§ **Work to complete**
Do not include the pictures; repeat the rest of the data exactly.

§ **Data shown**

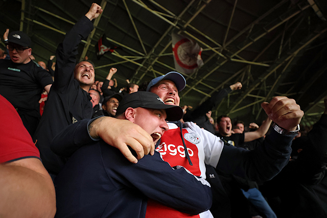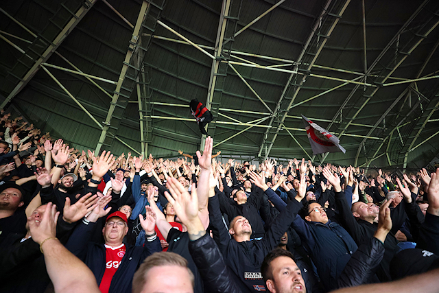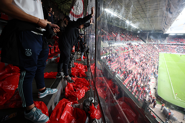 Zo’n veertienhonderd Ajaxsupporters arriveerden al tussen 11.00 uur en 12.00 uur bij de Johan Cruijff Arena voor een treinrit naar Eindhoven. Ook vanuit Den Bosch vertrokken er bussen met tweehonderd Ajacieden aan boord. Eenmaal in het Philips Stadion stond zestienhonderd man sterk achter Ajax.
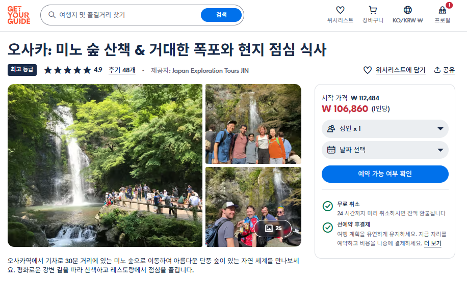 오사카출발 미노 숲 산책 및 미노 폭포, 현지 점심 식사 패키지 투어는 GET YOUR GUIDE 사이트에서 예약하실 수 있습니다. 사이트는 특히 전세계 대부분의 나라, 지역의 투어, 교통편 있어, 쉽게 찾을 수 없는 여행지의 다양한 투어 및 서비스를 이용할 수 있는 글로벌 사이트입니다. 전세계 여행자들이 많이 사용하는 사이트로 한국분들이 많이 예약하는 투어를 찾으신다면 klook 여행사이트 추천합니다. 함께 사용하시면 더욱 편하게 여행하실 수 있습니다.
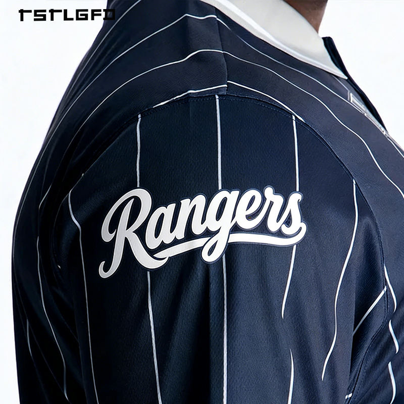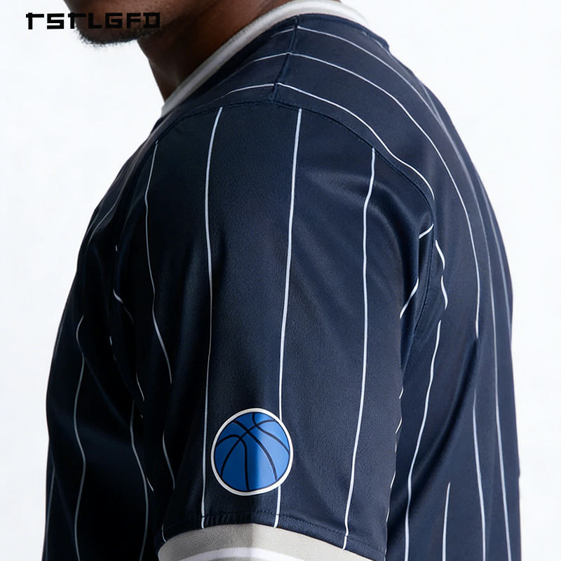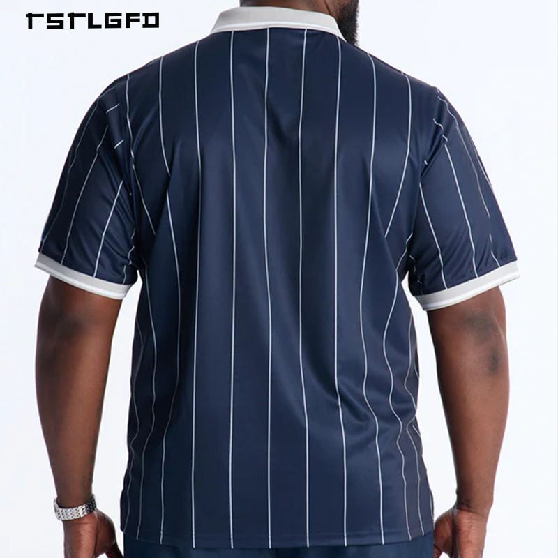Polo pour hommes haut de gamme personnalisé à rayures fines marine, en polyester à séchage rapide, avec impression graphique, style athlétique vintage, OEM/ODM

§ **Task result**
 Zo’n veertienhonderd Ajaxsupporters arriveerden al tussen 11.00 uur en 12.00 uur bij de Johan Cruijff Arena voor een treinrit naar Eindhoven. Ook vanuit Den Bosch vertrokken er bussen met tweehonderd Ajacieden aan boord. Eenmaal in het Philips Stadion stond zestienhonderd man sterk achter Ajax.
 오사카출발 미노 숲 산책 및 미노 폭포, 현지 점심 식사 패키지 투어는 GET YOUR GUIDE 사이트에서 예약하실 수 있습니다. 사이트는 특히 전세계 대부분의 나라, 지역의 투어, 교통편 있어, 쉽게 찾을 수 없는 여행지의 다양한 투어 및 서비스를 이용할 수 있는 글로벌 사이트입니다. 전세계 여행자들이 많이 사용하는 사이트로 한국분들이 많이 예약하는 투어를 찾으신다면 klook 여행사이트 추천합니다. 함께 사용하시면 더욱 편하게 여행하실 수 있습니다.
Polo pour hommes haut de gamme personnalisé à rayures fines marine, en polyester à séchage rapide, avec impression graphique, style athlétique vintage, OEM/ODM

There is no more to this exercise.